Several years ago, a speaker at the Colorado Oil and Gas Association annual conference became exuberant. At the time, natural gas was hailed as a bridge fuel, one that burned cleaner than coal. That simple fact had produced a tenuous alliance between environmental groups and drillers, who both saw advantages in dismantling coal, with Democratic governors Bill Ritter and John Hickenlooper enjoying support in both camps.

Enough talk about natural gas as a bridge, the speaker at the  Denver conference exclaimed. It was the future.

Now, that future is being challenged as renewables, not natural gas, fill the void created in the retreat of coal. And, with climate scientists issuing throat-clearing warnings about the grave risk if emission are not tamed rapidly, environmental advocates have turned their attention to gas. The bridge, they say, has been crossed.

This new tension has flared prominently in California, where scores of jurisdictions last year banned natural gas in new buildings. None have done so in Colorado—yet. But the Colorado oil and gas industry has taken preemptory action to ensure they don’t, hurrying to get a ballot measure that would preclude local bans of natural gas.

A new report from the Sierra Club and its legal arm, EarthJustice, warns against the dangers of what’s being called renewable natural gas. Better, says the report, “Rhetoric vs. Reality: The Myth of ‘Renewable Natural Gas’ for Building Decarbonization,” is to electrify new homes.
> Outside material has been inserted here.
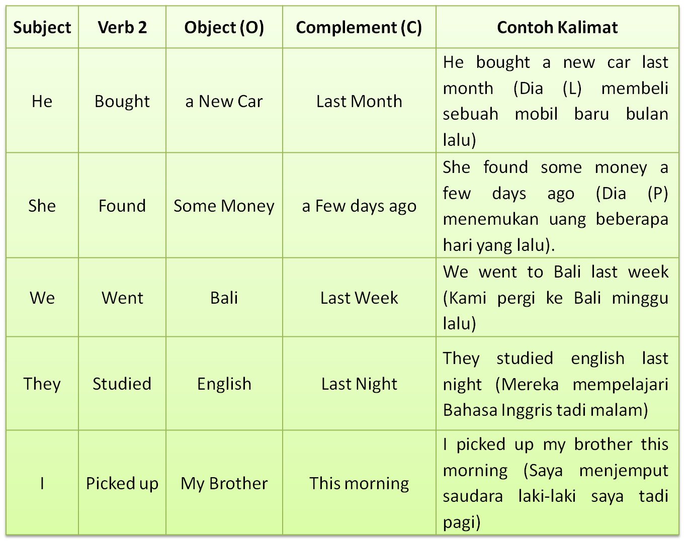 (lisa tidur di tempat ini semalam.) Berikut ini adalah contoh kalimat tenses dan artinya: I was here last night (semalam saya ada disini) we were late yesterday (kami semua terlambat kemarin) he was not happy because of me (dia tadi tidak senang karena saya) they were not home last night (mereka tidak ada di rumah tadi malam) was she pretty? S + v1 (subyek + verb 1) contoh 1: (bola itu bundar) baca juga:

The fundamental problem is the tendency of methane, the primary constituent of natural gas, to leak. Methane is far more potent in the shorter term than carbon dioxide. The report cites research published in the journal Science in 2018 that found the leakage rate in the U.S. gas supply chain equaled 2.3% of U.S. gross gas production, 60% higher than the EPA’s official estimate.

The Sierra Club is particularly worried about the rise of what it calls fossil gas alternatives, including what some companies are calling RNG, or renewable natural gas. RNG can include biogas, such as comes from wastewater treatment plant, landfills and livestock operations, or—using thermal gasification – forest and agriculture residues. There’s also synthetic gas, in which electricity is turned into hydrogen and then synthetic methane.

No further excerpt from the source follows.